There are two early outs: if the lookup never recorded a LoadSpec for this request (no external hit at all), or if the scheduler reports num_external_tokens == 0, step ③ simply leaves can_load=False and returns — nothing to load.

Steps ④–⑤ — packing the plan: build_connector_meta

Steps ①–③ ran on the scheduler and left their decisions in scheduler-side dicts (load_specs, _request_trackers). But the worker is what actually moves KV, and it's a different connector instance — in general a different process — with no access to those dicts. So at the end of schedule() (scheduler.py:963), build_connector_meta serializes the step's plan into one object (step ④) and attaches it to the SchedulerOutput (step ⑤).

Its shape is simple: LMCacheConnectorMetadata is just a list[ReqMeta], one ReqMeta per request scheduled this step. Each ReqMeta is that request's per-step to-do list for the worker:

ReqMeta
├── req_id
├── token_ids            # the tokens in play this step
├── slot_mapping         # token i -> physical slot in the paged buffer  (interlude below)
├── is_last_prefill
├── load_spec  : LoadSpec{ vllm_cached_tokens, lmcache_cached_tokens, can_load }   # what to load
└── save_spec  : SaveSpec{ skip_leading_tokens, can_save }                          # what to save

The load half was settled at steps ①–③. Building each ReqMeta (in ReqMeta.from_request_tracker, vllm_v1_adapter.py:293) is where the save plan is decided, and it follows three rules:

  • Incremental. A request is stored across many steps, so re-storing its whole prefix every step would be quadratic waste. The connector tracks num_saved_tokens on the RequestTracker and sets skip_leading_tokens to it (:328), so each step stores only the new tail. In metadata_demo.py you can watch this live: across two prefill steps of one request, skip_leading_tokens advances 0 → 4, so step 2 stores only tokens 4-7 and never re-stores 0-3.

  • Chunk-aligned. num_tokens_to_save is rounded down to a chunk boundary (:353-356) — a partial chunk is never stored, because its key would differ from the eventual full chunk and could never be matched on lookup. Same "chunk is the unit" rule we saw at step ①, now on the write side.

  • Skip decode by default. If the request is in its decode phase, saving is skipped unless save_decode_cache is set (:340). The reasoning: a prompt prefix is often shared across requests (a system prompt, a document, a few-shot template) and worth caching; a model's generated continuation is usually unique to that request and rarely re-hit, so storing it costs more than it returns.

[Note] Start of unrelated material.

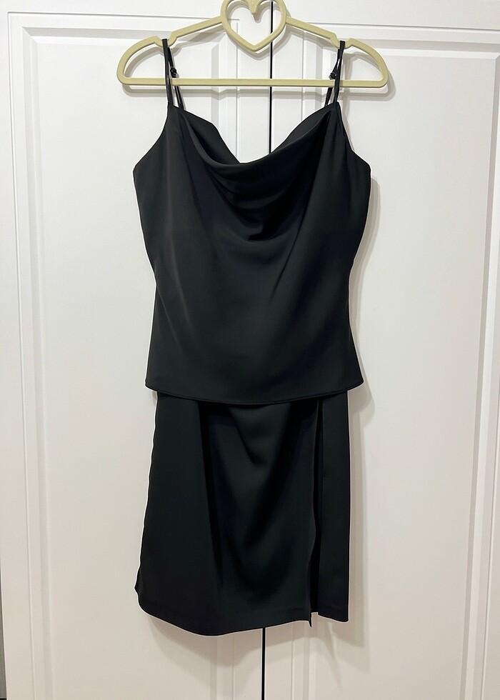 Ürün ikili takım şeklindedir. Bluzu eteğin belinden içeri koyduğunuzda elbise görünümü vermektedir. Etek soldan yırtmaçlı ve soldan hafif drapelidir. Bluz degaje yaka. Bluzun arkasında son fotoğraftaki gibi iplik çekilmesi olmuş 2 yerde, çok zor belli oluyor yok denecek kadar. Bluz s beden, etek m bedendir; bence etek de s bedene daha uygun olur. Kumaş türünü bilemiyorum satene benziyor ama parlak değil güzel kaliteli dökümlü bi kumaş. #etek #bluz #elbise #takım #ikilitakım

Two request flavors feed this loop, and the only real difference is tracker lifecycle: new requests (scheduled_new_reqs, :1453) are first-time prefills, so RequestTracker.from_new_request creates the tracker; cached requests (scheduled_cached_reqs, :1492) are already running (decode) or resumed from preemption, so tracker.update(...) appends the new tokens/blocks. Both then run through ReqMeta.from_request_tracker. The RequestTracker is the persistent accumulator — it carries token_ids, block_ids, and num_saved_tokens across steps; the ReqMeta is the per-step snapshot derived from it. "Derived," not "copied": the block_ids and num_saved_tokens you'd expect aren't in the ReqMeta struct above, because they've been transformed into the fields that are. The block_ids become slot_mapping (slot = block_id × block_size + offset, the interlude below); num_saved_tokens becomes save_spec.skip_leading_tokens (the incremental rule above). The snapshot carries the results of the tracker's state, not the raw state.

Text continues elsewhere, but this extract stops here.